What you should do: Where the line containing "Pojďme si rozebrat" appears in the entries below, begin there and output every line through the last, exactly, minus the pictures.
-- Opening Marker --
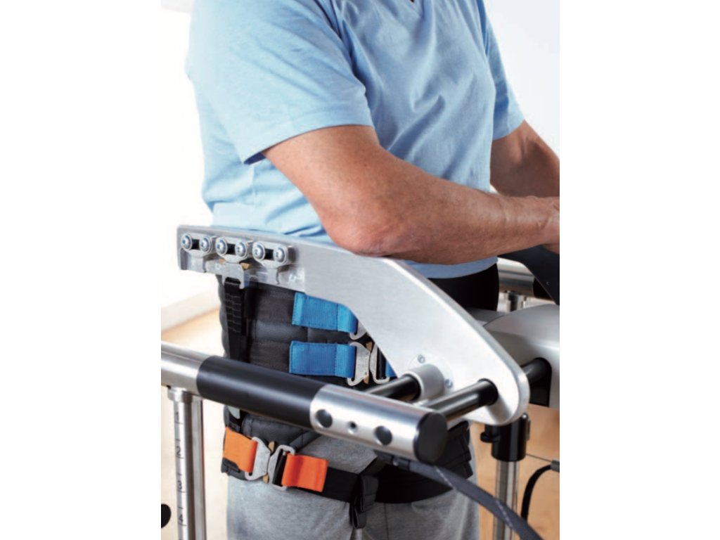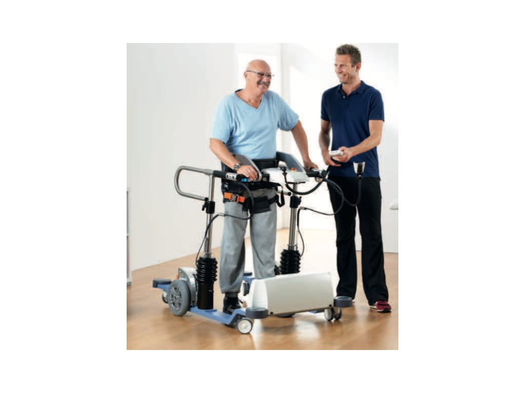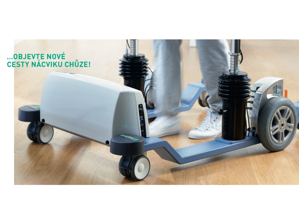 Na rehabilitačných chodníkoch s podporným systémom hornej časti tela je chôdza čiastočne ovplyvnená práve z dôvodu použitia podporného systé- mu. Cvičenie na chodníkoch je preto perfektný pre tých, ktorí sa snažia o prvé kroky v počiatočnej fáze rehabilitácie. Pacient by však mal začať chodiť čo najskôr po zemi. Pacienti väčšinou využívajú vysoké chodiace rámy s alebo bez sedátok. Ďalšou alternatívou je chôdza s chodítkami alebo dvoma palicami. U všetkých týchto pomôcok plní hornú časť tela a paže podpornú funkciu, ktorá bráni ich využitie v dynamickom procese chôdze. Dokonalé cvičenie by preto znamenalo nechať chodiť pacienta v miestnosti, kde neexistuje žiadne riziko pádu a zároveň je celé telo zapojených do procesu chôdze. THERA-Trainer e-go túto možnosť nácviku »naozajstné« chôdze ponúka tým, že je možné zatočiť doprava a doľava, chodiť "cikcak" a to všetko pri správnom držaní tela.
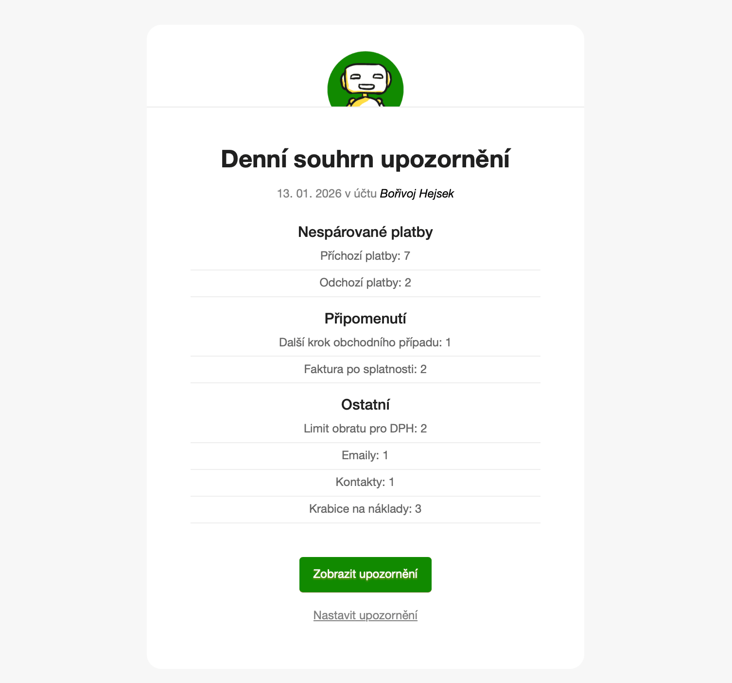 Pojďme si rozebrat jednotlivé sekce nastavení, které vychází z rozdělení ve Zvonečku. Nespárované platby - všechny příchozí a odchozí platby, které se robotovi nepodařilo spárovat. V Připomenutí pak najdete upozornění na splatnost nákladu, dalšího kroku obchodních případů, upozornění na fakturu po splatnosti a vyčerpané zásoby na skladě.
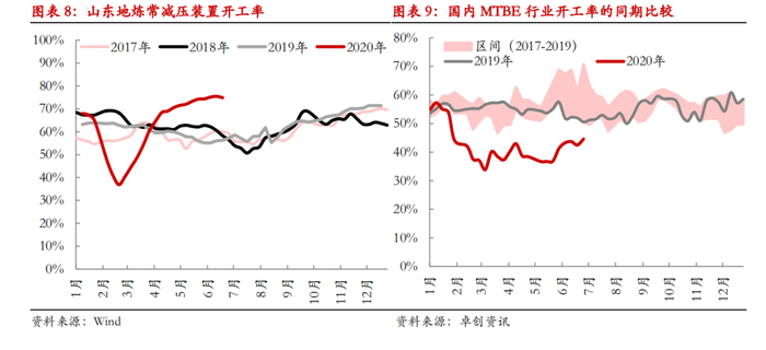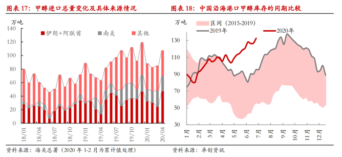 疫情影响之下的需求下滑自2月开始,3月之后的海外需求崩塌对冲掉了国内需求的缓慢复苏,直至5-6月间,全球甲醇需求仍较疫情前偏低10%左右,这意味着需求恢复仍有空间,只是恢复速度或将缓慢进行。
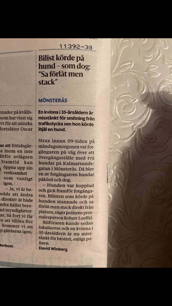 Vilket fantastiskt rättssystem vi har i Sverige!!!!!Att köra ihjäl en hund, dessutom på ett övergångsställe och sedan smita från platsen! Då har du inte begått något brott???Förundersökning inleds inte fick jag från polismyndigheten idag.Att förlora sin hund på detta sätt….. det va som. Att hon körde ihjäl mitt barn! Har aldrig skrikit och gråtit så mycket i hela mitt liv. Och hon går fri, utan att ens behöva betala någon ersättning?Jag finner inga ord, gråt varvas nu med fruktansvärd ilska
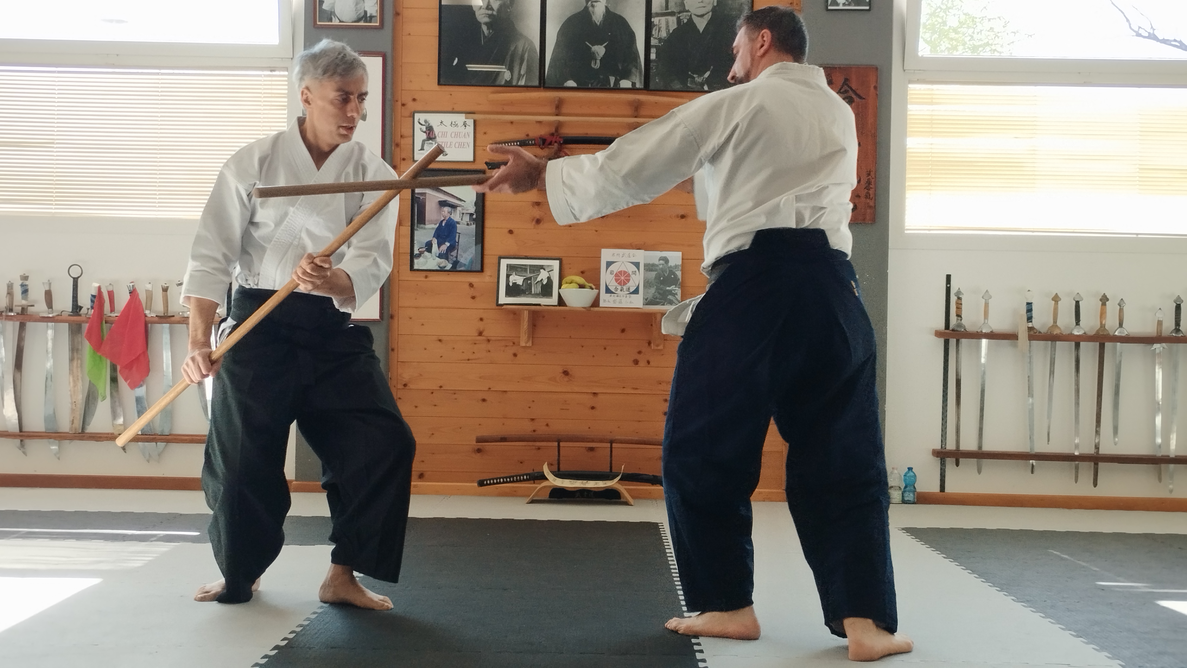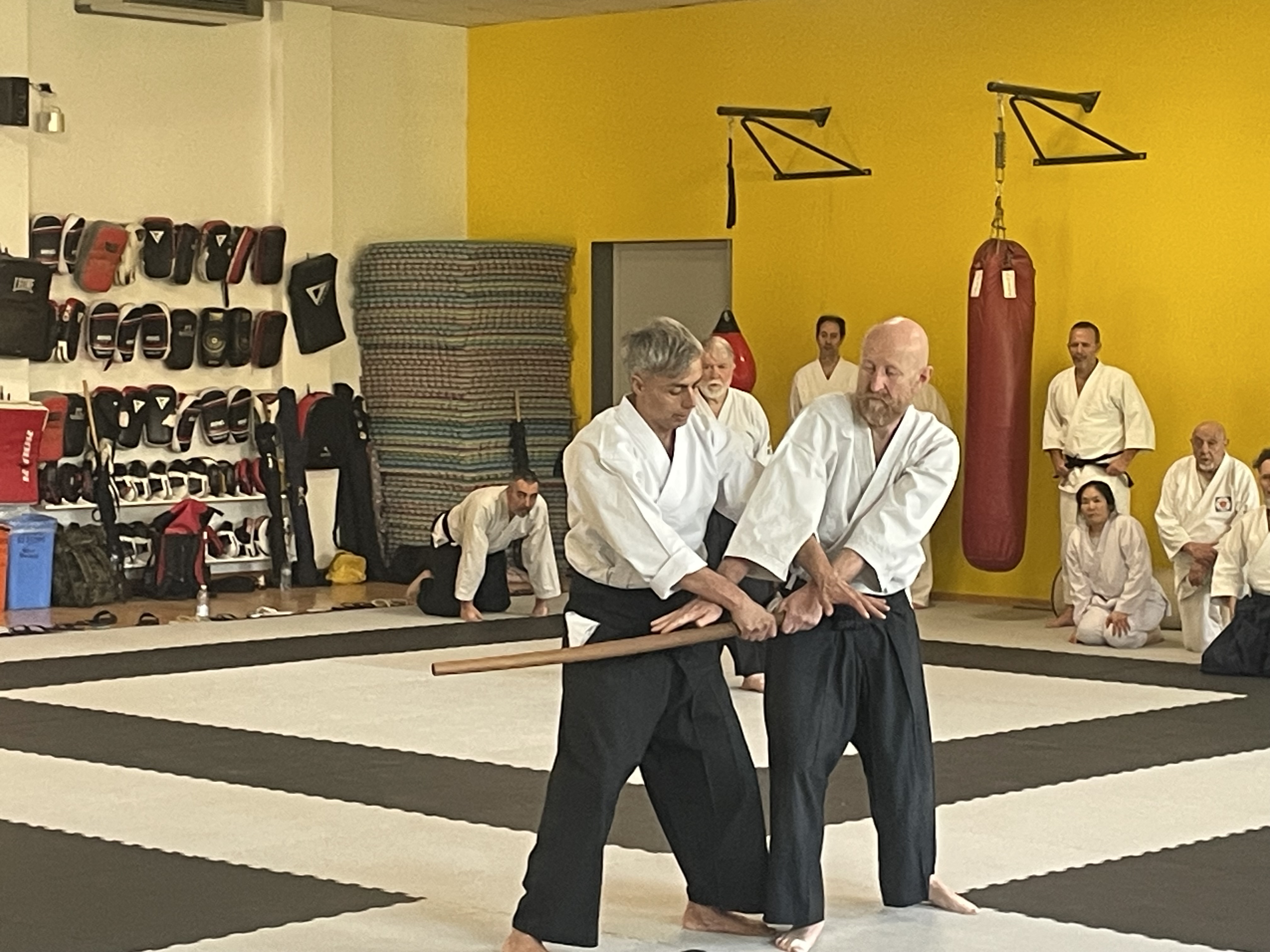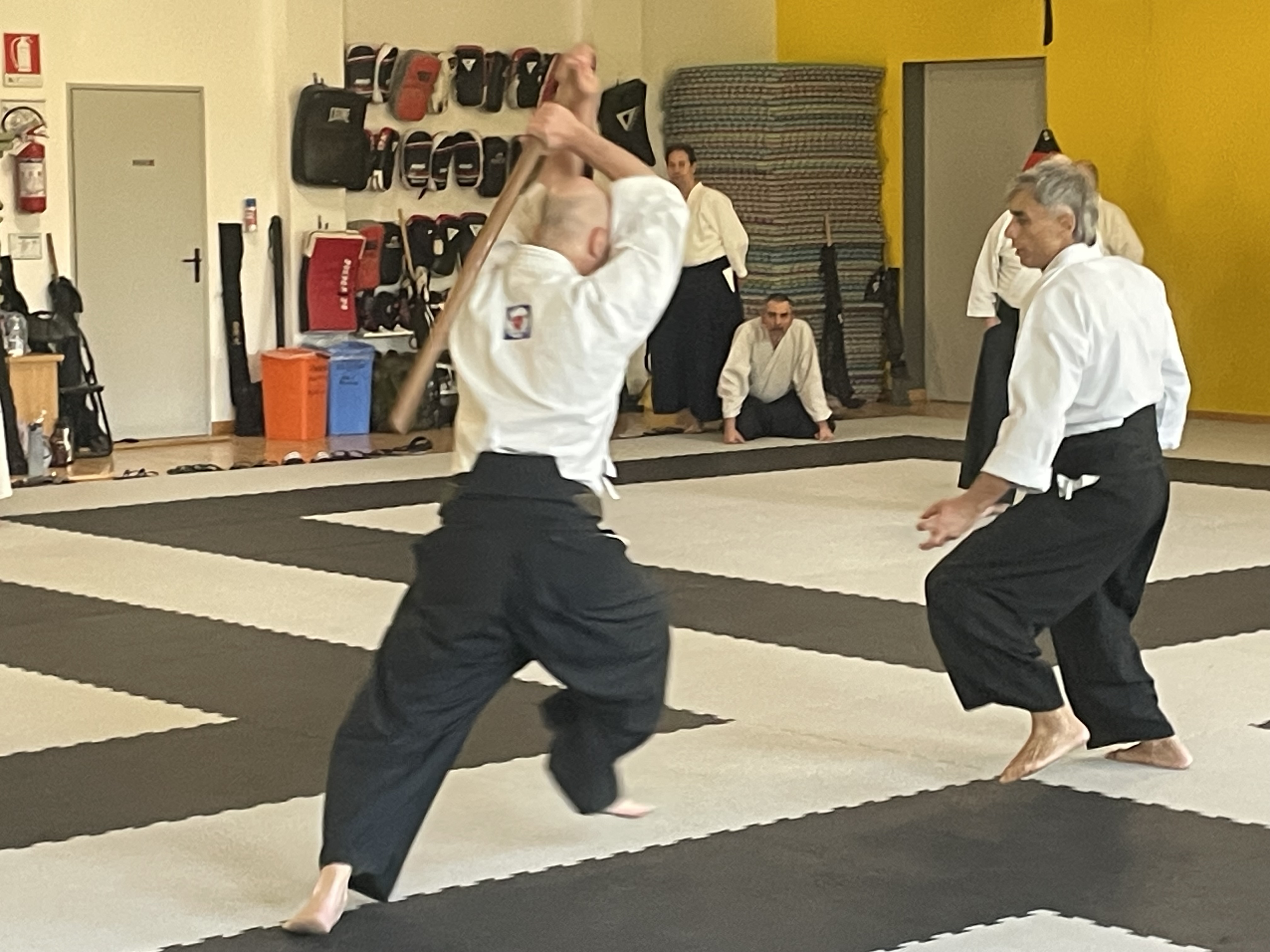 Come d’uso, il programma del koshukai ha alternato sessioni di pratica con le armi tradizionali dell’Aikido a keiko (sedute di pratica) a mani nude. Per la parte di bukiwaza – ovvero pratica con le armi – è stato affrontato lo studio dei kumijo 6 e 7 – si tratta di forme tradizionali codificate di studio a coppie delle tecniche con il jo, il bastone dell’Aikido -, dei disarmi tachidori – ovvero la difesa disarmata da un attacco con la katana – sul lato destro dell’attaccante – e, quindi, dei 7 kentaijo – studio codificato dei metodi di difesa con il bastone jo da un attacco con la katana -. Per il taijutsu – le tecniche di combattimento a mani nude – invece, sono stati affrontati lo studio di ikkyo e sankyo – il primo e, rispettivamente, terzo principio di controllo ed immobilizzazione – omote e ura e, quindi, un approfondimento su varie forme di kotegaeshi.
-- Closing Marker --
Completed exercise:
 Pojďme si rozebrat jednotlivé sekce nastavení, které vychází z rozdělení ve Zvonečku. Nespárované platby - všechny příchozí a odchozí platby, které se robotovi nepodařilo spárovat. V Připomenutí pak najdete upozornění na splatnost nákladu, dalšího kroku obchodních případů, upozornění na fakturu po splatnosti a vyčerpané zásoby na skladě.
 疫情影响之下的需求下滑自2月开始,3月之后的海外需求崩塌对冲掉了国内需求的缓慢复苏,直至5-6月间,全球甲醇需求仍较疫情前偏低10%左右,这意味着需求恢复仍有空间,只是恢复速度或将缓慢进行。
 Vilket fantastiskt rättssystem vi har i Sverige!!!!!Att köra ihjäl en hund, dessutom på ett övergångsställe och sedan smita från platsen! Då har du inte begått något brott???Förundersökning inleds inte fick jag från polismyndigheten idag.Att förlora sin hund på detta sätt….. det va som. Att hon körde ihjäl mitt barn! Har aldrig skrikit och gråtit så mycket i hela mitt liv. Och hon går fri, utan att ens behöva betala någon ersättning?Jag finner inga ord, gråt varvas nu med fruktansvärd ilska
 Come d’uso, il programma del koshukai ha alternato sessioni di pratica con le armi tradizionali dell’Aikido a keiko (sedute di pratica) a mani nude. Per la parte di bukiwaza – ovvero pratica con le armi – è stato affrontato lo studio dei kumijo 6 e 7 – si tratta di forme tradizionali codificate di studio a coppie delle tecniche con il jo, il bastone dell’Aikido -, dei disarmi tachidori – ovvero la difesa disarmata da un attacco con la katana – sul lato destro dell’attaccante – e, quindi, dei 7 kentaijo – studio codificato dei metodi di difesa con il bastone jo da un attacco con la katana -. Per il taijutsu – le tecniche di combattimento a mani nude – invece, sono stati affrontati lo studio di ikkyo e sankyo – il primo e, rispettivamente, terzo principio di controllo ed immobilizzazione – omote e ura e, quindi, un approfondimento su varie forme di kotegaeshi.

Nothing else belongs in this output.